Provided material:
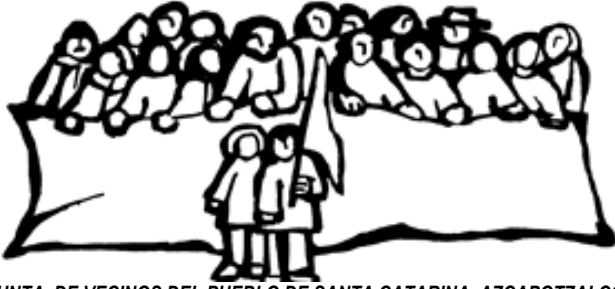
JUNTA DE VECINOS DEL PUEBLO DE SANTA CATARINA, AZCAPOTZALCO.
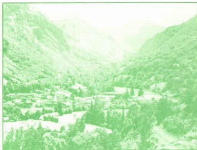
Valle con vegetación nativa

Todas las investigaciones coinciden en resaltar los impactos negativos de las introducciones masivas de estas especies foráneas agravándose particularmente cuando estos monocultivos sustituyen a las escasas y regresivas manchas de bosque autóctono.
...
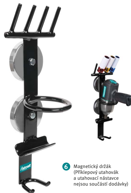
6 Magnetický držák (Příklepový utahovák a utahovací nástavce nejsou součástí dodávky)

Assigned task: Retype only this portion of the data above: the line containing "Valle con vegetación nativa", the line containing "Todas las investigaciones", and all lines between them, exactly.

Solution for this problem:
Valle con vegetación nativa

Todas las investigaciones coinciden en resaltar los impactos negativos de las introducciones masivas de estas especies foráneas agravándose particularmente cuando estos monocultivos sustituyen a las escasas y regresivas manchas de bosque autóctono.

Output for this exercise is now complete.